Slashdot Mirror


User: rve

rve's activity in the archive.

Stories
0
Comments
982
First seen
Last seen
Profile
(view on slashdot.org)

Comments · 982

  1. It's already happening! Run! on Bacteria to Destroy Greenhouse Gases · · Score: 2

    The majority of our oxygen is NOT made by plants. Especially not by forests on land (they are in equilibrium, and produce as much CO2 as they break down)

    Most of our oxygen is already produced by bacteria and other single celled algae in the top 10 meters of our oceans.

    The reason why we have such an incredibly low CO2 concentration in our atmosphere (a fraction of a percent) is because these algae have optimised this process (called photosynthesis) to perfection over the estimated 3 billion years that they have existed.

    The only difference is that if you run the emission of a smoke stack through a bubble bath of cyano bacteria, the CO2 gets fixed before it enters the atmosphere, and not after, which is good, because CO2 emissions apparently cause their 'harm' by changing the CO2 concentration in the atmosphere.
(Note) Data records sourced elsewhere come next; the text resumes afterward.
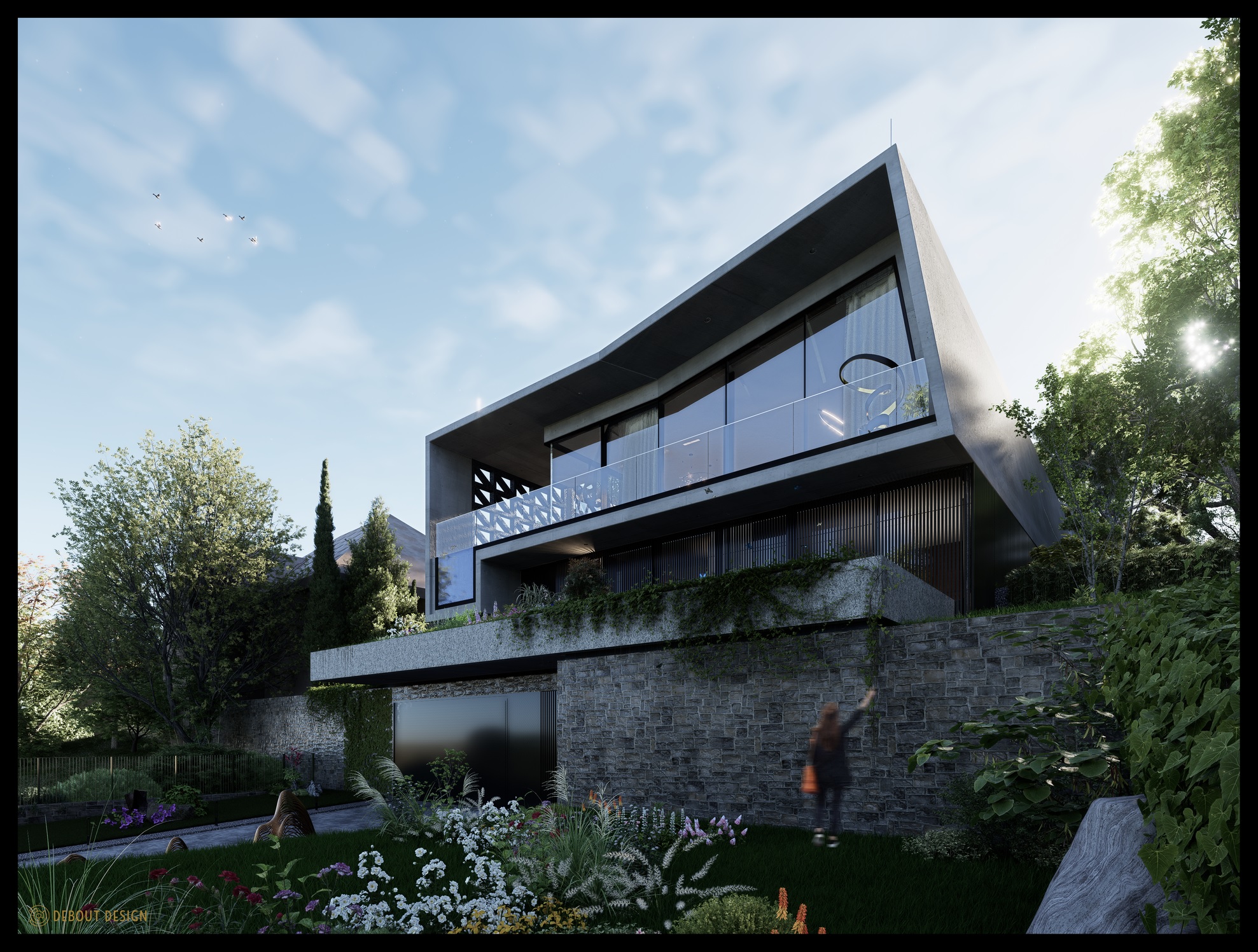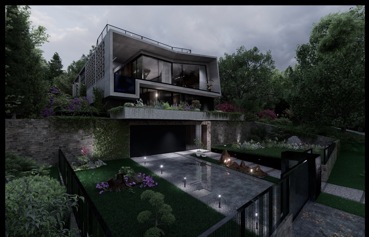 Az épület kortárs stílusban megálmodott, letisztult megjelenésű villa, amely harmonikusan illeszkedik természetes környezetéhez. A nyersbeton homlokzati elemek és a meleg tónusú, modern belsőépítészeti kialakítás időtálló, exkluzív karaktert adnak az ingatlannak.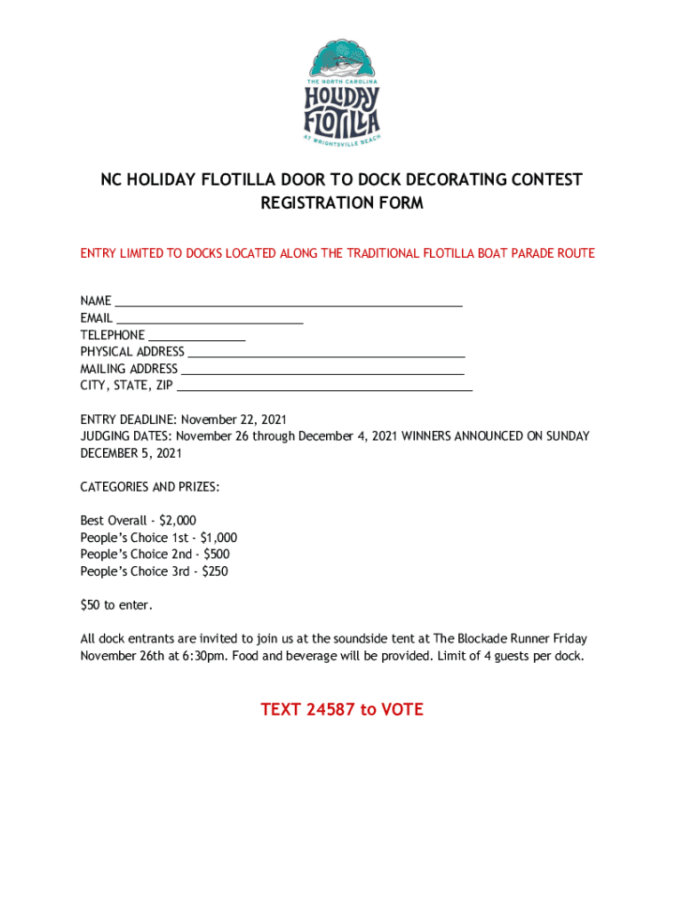 NC HOLIDAY FLOTILLA DOOR TO DOCK DECORATING CONTEST REGISTRATION FORM ENTRY LIMITED TO Dock LOCATED ALONG THE TRADITIONAL FLOTILLA BOAT PARADE ROUTINE EMAIL TELEPHONE PHYSICAL ADDRESS MAILING ADDRESS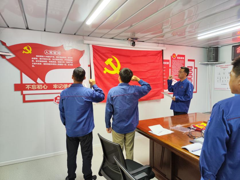 宣誓仪式在庄严雄壮的《国际歌》歌声中拉开了序幕,预备党员夏耀祖、苏静在党支部书记的带领下,高举右拳,面对党旗发出了铮铮誓言。宣读完毕后,老支部书记为他们发放党章,项目经理、支部书记分别为他们佩戴党徽。这种以老带新、薪火相传的仪式,是一种鞭策,也是一种激励;是一种精神的传承,也是一种奋斗的延续。在表态发言中,表达了立足工作岗位、踏实工作,谨守誓言,全心全意为人民服务和为党为民奉献的坚强决心。
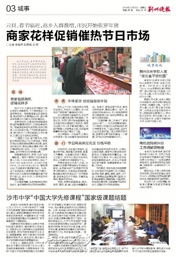 《荆州晚报》2016年12月30日报道我校"大学先修课程"国家级课题结题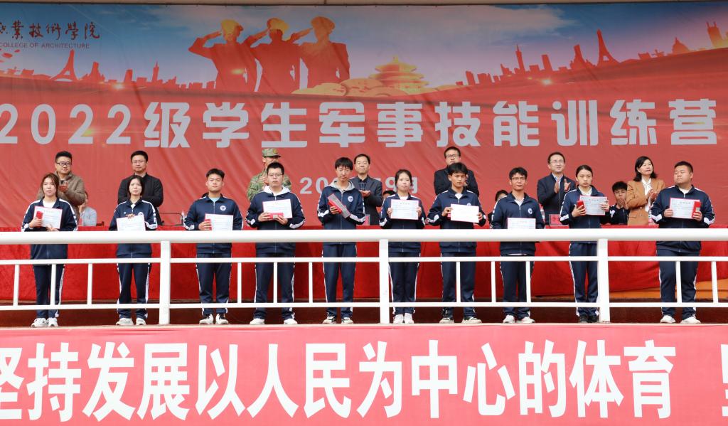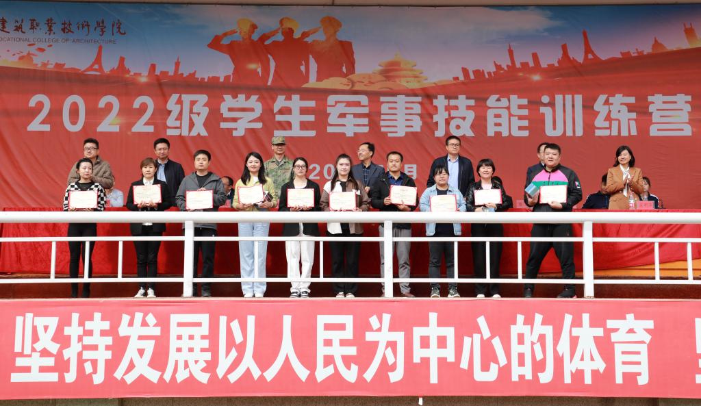 表演结束后,教务处处长高建兴宣读了《甘肃建筑职业技术学院关于表彰2022级学生军训先进集体及个人的决定》,主席台领导为先进集体和先进个人颁发了荣誉证书。

Change is evil and scary after all.

  2. Re:Be ashamed at the Belgian police on Napster Users Being Arrested In Belgium · · Score: 2

    And this doesn't happen in the US? Maybe a guy like Dutroux wouldn't have made it past the local news there, being just another run of the mill serial killer. Or would he have become a media celebrity, admired by many, like Geoffrey Dahmer or Charles Manson? Point your finger at your own belly button. Or aren't you American?
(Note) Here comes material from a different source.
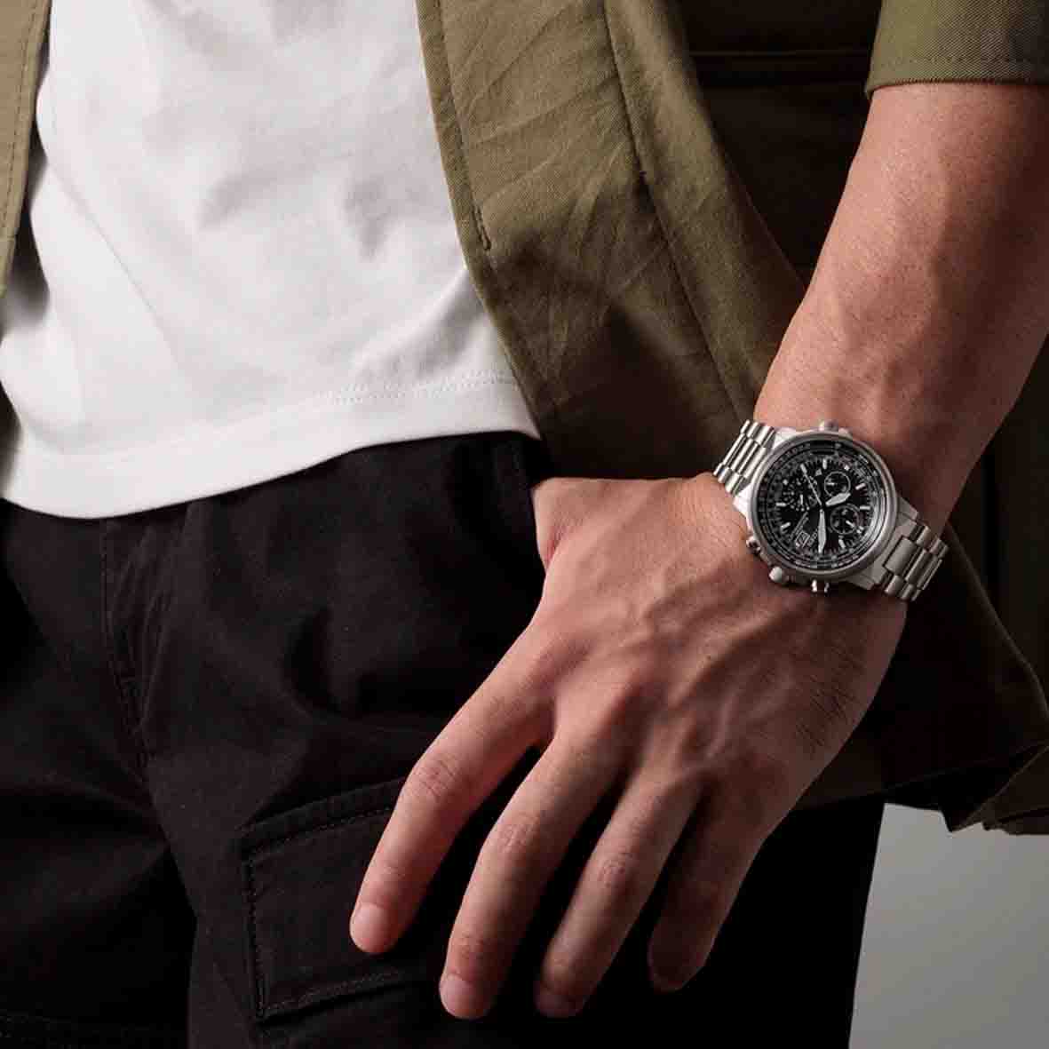Cette montre aviateur est équipée du calibre Eco-Drive H800, un mouvement de haute précision qui combine chronographe analogique et technologie radio-horloge. Elle offre une réserve de marche exceptionnelle de 180 jours.

  3. Re:Which laws? on Napster Users Being Arrested In Belgium · · Score: 2

    Law in Belgium is not made by 'precedents' like in the US. In fact, I don't know of any other country in the world where court rulings make laws. Laws are usually proposed by governments, and then amended, rejected or approved by parliament, if I'm not mistaken. (I am not a lawyer)
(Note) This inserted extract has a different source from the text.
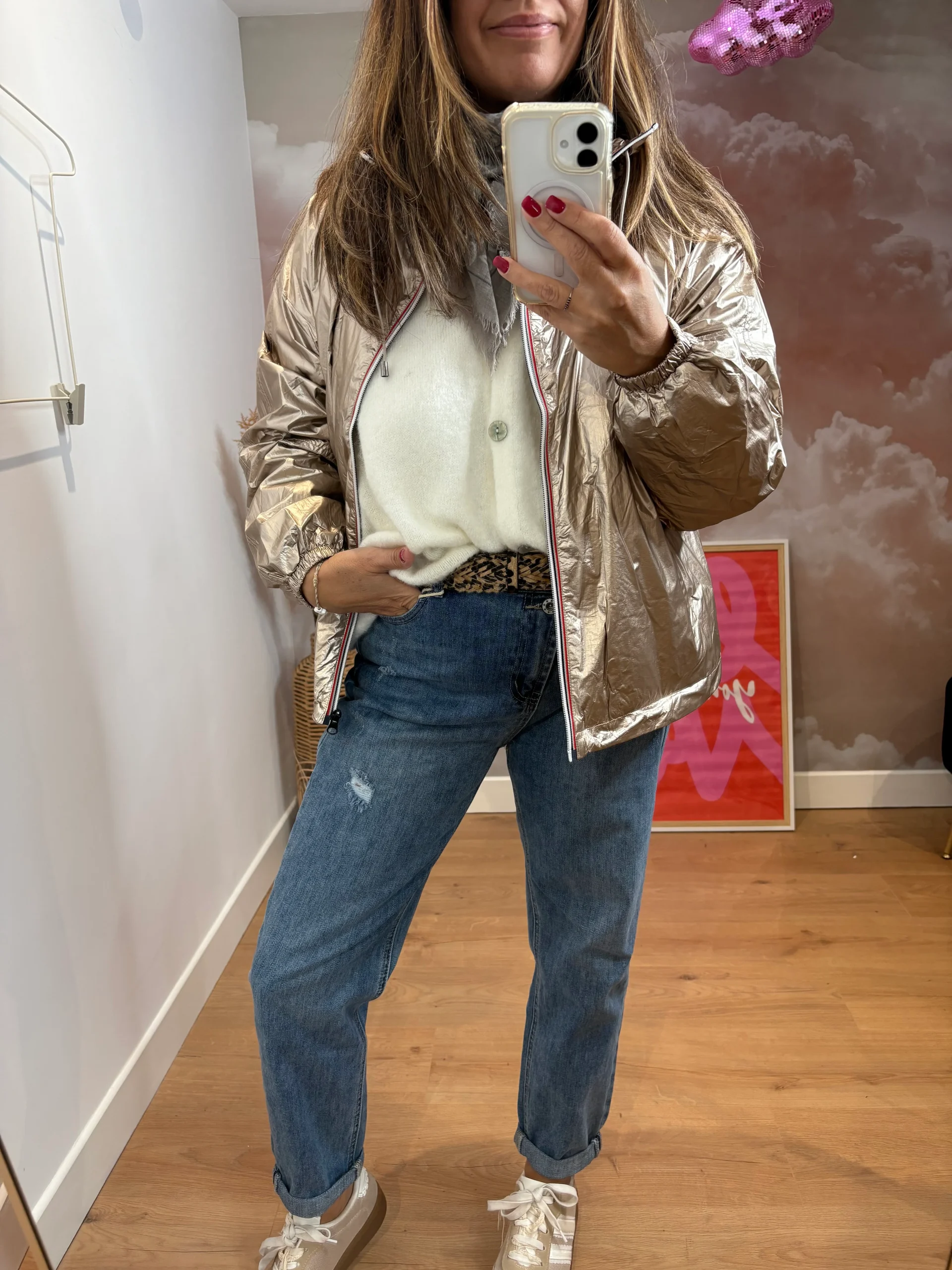 Affrontez la pluie avec élégance grâce à cette veste courte irisée qui allie effet holographique et fonctionnalité. Son coloris cuivre chaud apporte une touche tendance et moderne à toutes vos tenues. ✨ Points forts : • Imperméable et légère, parfaite comme coupe-vent femme pour rester au sec sans renoncer au style.• Coupe courte flatteuse, mettant […]

  4. Re:Napster Waffling... on Napster Users Being Arrested In Belgium · · Score: 2

    Nonsense, you are 100% perfectly free to download all music you want, no matter how illegal the copy is. As long as you don't DISTRIBUTE it, you're home free. Be a selfish napster user, and don't share your files. :P

  5. Re:Weird stuff... on World's Largest Crystals · · Score: 1

    I live in a country where the only rocks to be found are of the powdery dune forming variety. My ancestors had to build their pyramids from wood and mud, so we have not much to show for them. I'm still looking for wooden geodes.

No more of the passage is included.